The author wrote that he included the garden in the book because of the contrast between its formal layout and the rustic simplicity of the standing stone, where a statue or topiary would have been more traditional.

Almost in answer to that, beside the photo, Dad had lightly pencilled in a diagram of the garden and written:
Stone. Circle? Stone circle? Stonehenge?

Had he realized the stone's origin? There was nothing about it in the text of the book, and the Internet hadn't existed then. I wasn't seeing the association. But then I realized I was looking at a column of green, and not what Dad had seen at all.

Setting the book aside, I struggled to my feet and waded into the central bed, past where Gigi was snoozing, belly up, in the unkempt greenery. The crush of leaves was cool under my bare feet and the woody stems prickled my soles. Reaching the stone, I grabbed two handfuls of the covering vine and pulled, trying to part the broad leaves like a curtain.

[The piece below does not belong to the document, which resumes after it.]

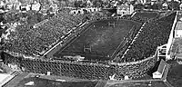 On October 24, 1925, Michigan defeated Illinois, 3–0, in Champaign. The victory came as Illinois celebrated homecoming in front of a record crowd of 67,000 at Memorial Stadium. Stopping Red Grange was considered to be the key to beating Illinois in 1925.[23] During the pre-season practice sessions, Michigan's line coach Tad Wieman dressed a player in a sweater with Grange's number and sent his guards and tackles "after the mythical Grange with instructions to 'hit him hard.'"[24] Before the game, Michigan coach Fielding H. Yost told reporters: "One of the greatest throngs in all football history is here. For weeks the game has been on every tongue. . . . Our players have been compared as to weight, speed, and ability. The stage is set."[25]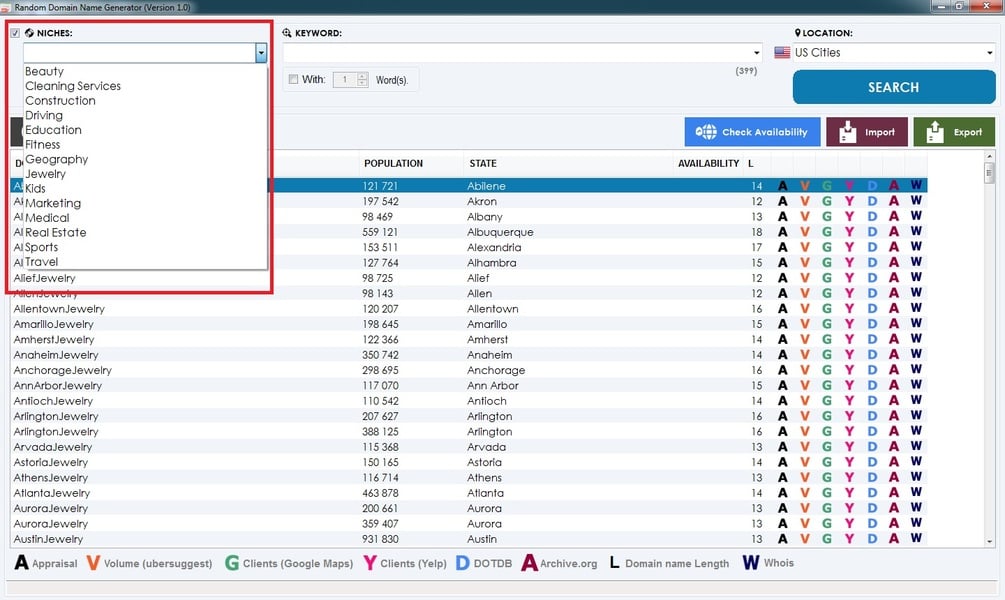 ✅ Smart Filtering: Filter niches by word count or population.

It didn't want to budge. The stuff was tough as rope, and clung to the rock like a lamprey on a shark. I changed my grip and tugged harder, tightening my teeth in determination.

Was the monolith at his family home why Dad found the standing stones in Britain so fascinating? And why hadn't he taken the opportunity to tell me about this one while we were there? Again I felt a guilty stab of anger at Dad for keeping so many secrets. I gave
a vicious yank at the vine, and the trailing stems slid through my fists, scoring my palms.

I yelped in surprise and pain, and stared at the red welts blossoming on my skin. Crap, that hurt.

It all hurt. Dad's secrets; the weight of worry over the weirdness in my head and my heart; the aimless, adrift life raft of my existence. Cradling my burning palms, I surveyed the garden in frustration, over-whelmed by the overgrowth and unable to make heads or tails of the internal pattern. Whatever had been here was lost.

Resignation heavy on my shoulders, I sank to the ground beside Gigi, digging my fingers and toes through the leaves and stems of the plants, down into the earth. It stung the welts on my hands and cleared my head. Damn it, I hadn't gotten to be the youngest soloist in the American Ballet Company by giving up when I felt overwhelmed. Hell, I wouldn't be alive if I gave up when things were hard. I just had to figure this out –
all
of it – the way I learned everything else: step-by-step.

With renewed resolve, I climbed to my feet and stepped out of the circle of plants to fetch the book, picking it up gingerly. It slipped through my fingers and hit the ground. My heart dropped with it when I saw some pages flutter out. If the Colonel didn't haunt me for ruining his book, Paula would kill me.